Sophie Roell, è l’Editor di un sito di libri molto accreditato a livello internazionale che periodicamente sceglie cinque libri su un determinato argomento e intervista un esperto invitandolo a parlarne. Questa settimana l’Ucraina è il tema prescelto e ha invitato Serhii Plokhy, uno storico ucraino-americano. Plokhy è attualmente Mykhailo Hrushevsky Professore di Storia ucraina e Direttore dell’Istituto di ricerca ucraino presso l’Università di Harvard, dove è stato anche nominato Walter Channing Cabot Fellow nel 2013. Una delle principali autorità dell’Europa orientale, ha vissuto e insegnato in Ucraina, Canada, e gli Stati Uniti. Ha pubblicato ampiamente in inglese, ucraino e russo. Per tre anni consecutivi (2002–2005) i suoi libri hanno vinto il primo premio dell’Associazione americana per gli studi ucraini. Ha scritto questo libro dal titolo quanto mai emblematico: “The Gates of Europe: A History of Ukraine” (I cancelli dell’Europa: Una storia dell’Ucraina)

Il sesto libro

L’Ucraina è attualmente coinvolta in una accesa battaglia con la Russia per preservare la sua indipendenza economica e politica. Ma il conflitto di oggi è solo l’ultimo di una lunga storia di battaglie sull’esistenza dell’Ucraina come nazione sovrana. Come sostiene il pluripremiato storico Serhii Plokhy in “The Gates of Europe”, dobbiamo esaminare il passato dell’Ucraina per comprenderne il difficile presente e il probabile futuro. Situata tra l’Europa, la Russia e l’Asia orientale, l’Ucraina è stata modellata dagli imperi che l’hanno utilizzata come porta strategica tra Oriente e Occidente: dai romani e dagli ottomani al Terzo Reich e all’Unione Sovietica, tutti si sono impegnati in combattimenti globali per la supremazia sul suolo ucraino. Ogni esercito invasore ha lasciato un segno indelebile nel paesaggio e nella popolazione, rendendo l’Ucraina moderna un amalgama di culture in competizione

Migliaia di persone sono state uccise dal 2014 nel conflitto in corso tra Russia e Ucraina, in una guerra piena di disinformazione, narrazioni fuorvianti e operazioni con false bandiere. Qui Serhii Plokhy, professore di storia ucraina all’Università di Harvard, consiglia libri per comprendere meglio il conflitto, da un’opera introduttiva di un eminente storico all’ultimo lavoro di alcuni dei principali romanzieri ucraini. Ecco il testo dell’intervista liberamente tradotta.
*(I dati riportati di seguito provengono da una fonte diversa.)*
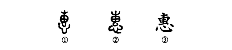 “恩惠及于天下?!边@個(gè)“惠”字本為會(huì )意字。①是金文的形體,上部是“專(zhuān)”的本字,下部為“心”。徐鍇說(shuō):“為惠者,心專(zhuān)也?!笨梢?jiàn)“專(zhuān)心為惠”。②是小篆的形體。③是楷書(shū)的寫(xiě)法。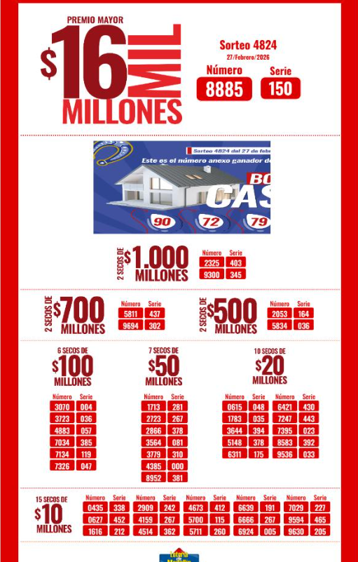 Y OJO el resultado de las Loterías para que salte de la felicidad al saber que se puede ganar más de 26 mil millones de pesos, solo sumando sus premios MAYORES. Y cerca de 50 mil millones de pesos sumando todos los premios secos y las aproximaciones.

Prima di passare ai libri, potrebbe spiegare di cosa tratta, secondo lei, il conflitto tra Russia e Ucraina?

È stato inquadrato più e più volte in termini di Russia e NATO. Ci sono alcuni elementi del conflitto che riguardano la Russia e la NATO, ma ci sono anche radici più profonde. È una situazione che probabilmente potrebbe essere riconosciuta in qualsiasi parte del mondo, perché quello che vediamo è il processo di disintegrazione di uno degli ultimi imperi mondiali. L’impero russo iniziò a disgregarsi quando l’impero austro-ungarico, ottomano e altri imperi stavano cadendo a pezzi. I bolscevichi lo tennero insieme, ma nel 1991 andò comunque in pezzi, quasi da un giorno all’altro. Tutti furono sorpresi. È stato un miracolo che non ci siano state grandi guerre o spargimenti di sangue. Ora ci rendiamo conto che la guerra è stata appena rinviata. In questo senso, sembra terribile. Ma è anche una situazione molto familiare per molti paesi del mondo, che hanno anche attraversato una guerra per l’indipendenza. Non è un fatto inaudito.
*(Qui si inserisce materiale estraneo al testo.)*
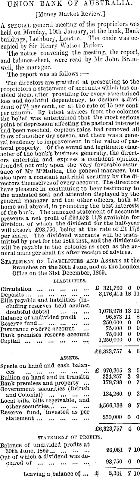 UNION BANK OP AUSTRALIA. [Money Market Review.] A SPECIAL general meeting of the proprietors was held ou Monday, 10th January, at the bank, Bank buildings, Lothbury, London. The chair was occupied by Sir Henry Watson Parker. The notice convening the meeting, the report, and balance-sheet, were read by Mr John Brainwell, the manager. The report was as follows : '■ The directors are gratified at presenting to the proprietors a statement of accounts which has enabled them, after providing for every ascertained loss and doubtful dependency, to declare a dividend of 7* per cent., or at the rate of 15 per cent, per annum. By latest advices from the colonies the belief was entertained that the most serious point of depression affecting the pastoral interests had been reached, copious rains had removed all fears of another dry season, and there was a general tendency to improvement in the value of pastoral property. Of the sound and legitimate character of the bank's business generally, the directors entertain and express a confident opinion, founded not only upon the very favorable assurance of Mr M'Mulleu, the general manager, but also upon a constant and rigid scrutiny by the directors themselves of every account. The directors have pleasure in continuing to bear testimony to the unabated zeal and attention displayed by the general manager and the other officers, both at home and abroad, in promoting the best interests of the bank. The annexed statement of accounts presents a net profit of £9(1,573 11/8 available for division, of which the dividend for the half-year will absorb £93,750, being at the rate of £1 17/6 per share. The dividend warrants will be transmitted by post for the 18th inst., and the dividends will be payable in the colonies as soon as the general manager shall lis after receipt of advices. Statement of Liabilities and Assets at the Branches on the 30th June, and at the London Office on the 31st December, 1869.. LIABILITIES. Circulation £ 321,790 0 0 Deposits ... ... 3,176,414 18 11 Bills payable and liabilities (including reserves held against doubtful debts) 1,078,978 13 11 Balance of undivided profit ... 96,573 11 8 Reserve fund 250,000 0 0 Insurance reserve account ... 75.000 0 0 Bank premises reserve account 75,0i)0 0 0 Capital ... ~ 1,250,000 0 0 £6,323,757 4 6 ASSETB. Specie on hand and cash balances .'. £ 970,305 2 5 Bullion on hand and in transitu 224,257 2 9 Bank premises and property ... 178,798 0 7 Government securities (British and Colonial) 131,260 9 2 Local bills, bills receivable, and other securities..'. 4,566,136 9 7 Reserve fund, invested as per statement ... ... 250,000 0 0 £6,323,757 4 6 STATEMENT OV PROFITS. Balance of undivided profits at '3oth June, 1869 : 96,05,1 7 10 Out of which a dividend was declared of ... 93,750 0 0 Leaviug a balance of ... £ 2,301 7 10

È complicato dal fatto che in termini di russi e ucraini ci sono questioni irrisolte di identità e formazione della nazione, di storia contestata. Ad esempio, i russi credono che provengano da Kiev (“Kiev” in russo), che oggi è la capitale di uno stato indipendente, l’Ucraina. Putin ha scritto un articolo sulla “unità storica di russi e ucraini”. Quanti presidenti che entrano in guerra scrivono quel tipo di articolo e fanno quelle argomentazioni? È un tentativo di delegittimare la pretesa ucraina di statualità. Se storicamente siamo le stesse persone, che diritto hai di avere uno stato? Non ne hai! Questo normalmente non accade con la disintegrazione degli imperi. Gli inglesi non hanno mai affermato di venire in qualche modo da Delhi, o viceversa. Ma lo vedi con Russia e Ucraina.
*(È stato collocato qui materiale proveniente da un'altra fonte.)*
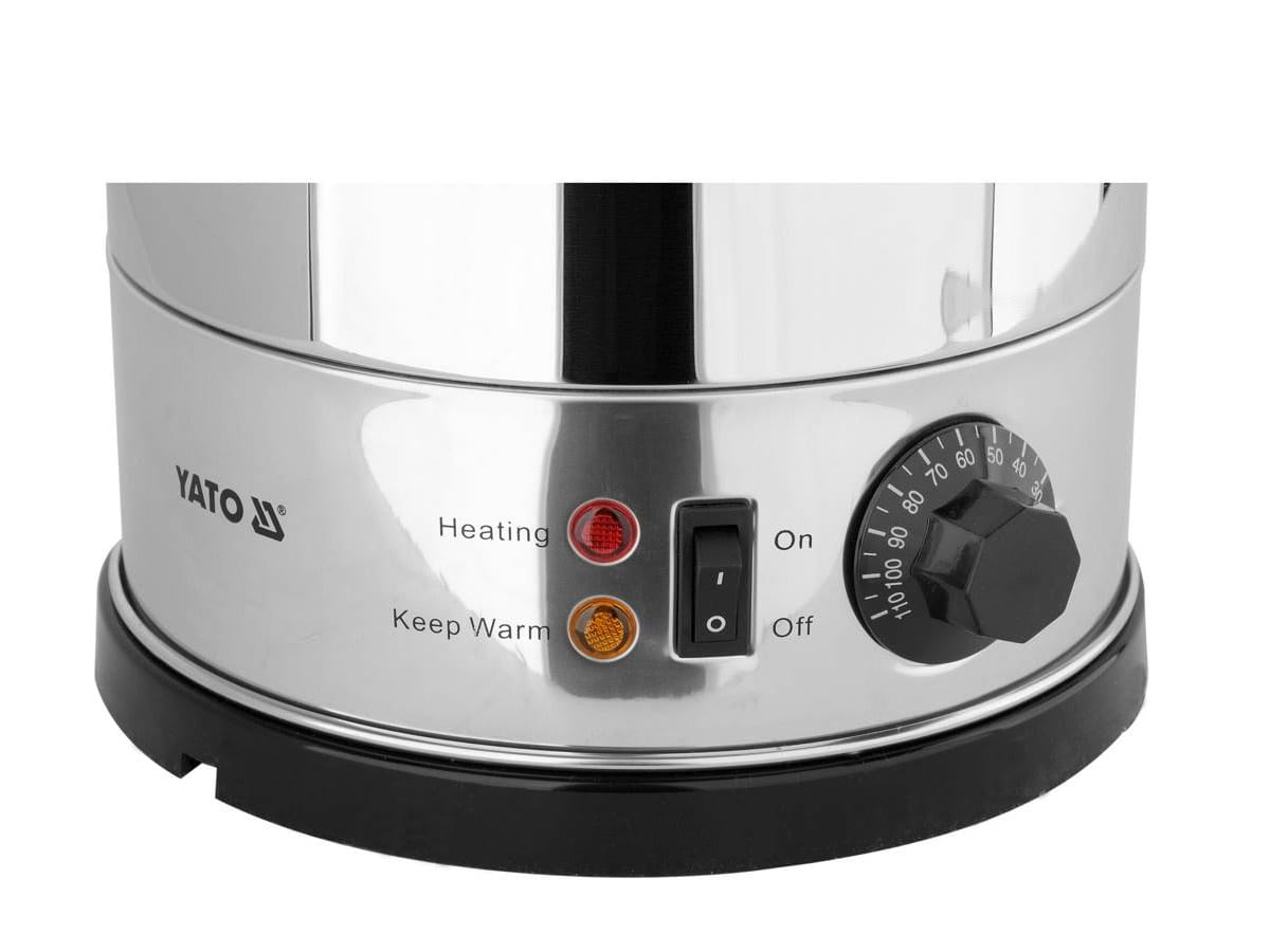 Profesjonalny warnik do wody marki Yato. Stalowy warnik do szybkiego parzenia dużej ilości wody przeznaczonej do przyrządzania kawy, herbaty lub napojów typu instant. Warnik Yato świetnie sprawdzi się w hotelach, salach konferencyjnych i restauracjach. Moc 2500-3000 W. Pojemność 19,1 litra. Wysokość 60 cm. Średnica 27,5 cm.

Quindi queste sono le radici profonde e la struttura generale del conflitto. Con la fine della Guerra Fredda, l’Unione Sovietica crollò. Non è stata una guerra calda, ma è stata una guerra che è stata persa da Mosca dal punto di vista economico, geostrategico, ecc. Ora c’è un tentativo di riunire l’impero come cintura di dipendenze. La Russia ci ha provato con mezzi economici, con mezzi politici, e ora siamo nella fase della guerra. È l’ultimo strumento che la Russia ha nelle sue mani.

L’Ucraina è importante perché è la seconda repubblica post-sovietica per grandezza. Se l’Ucraina resiste con successo, ciò mette in discussione la pretesa russa per il resto dello spazio post-sovietico. Mette in discussione il tentativo di Mosca di ricreare in qualche modo non l’Unione Sovietica — nessuno lo vuole, era un costoso progetto imperiale — ma di stabilire un’effettiva sfera di influenza. Senza la seconda parte più grande avresti un enorme buco nell’intera struttura.

Quindi, ciò che viene presentato e dibattuto dai media sono le relazioni Russia-NATO. Queste relazioni sono importanti, ma sono solo uno strato in cima a tutti questi tanti, molti, molti altri strati politici, storici e culturali che definiscono la crisi attuale.

Prima di parlare con lei, stavo guardando una mappa del “New York Times” di dove si trovano le truppe russe e le ho potute vedere in Bielorussia e Moldova. All’inizio dell’anno, le truppe russe sono state invitate a intervenire in Kazakistan. Sembra che molti paesi dell’ex Unione Sovietica siano abbastanza felici di rimanere nella sfera di influenza russa. Immagino che il problema per l’Ucraina sia che, dal 2013, o forse prima, 2004, sta cercando di seguire una strada diversa?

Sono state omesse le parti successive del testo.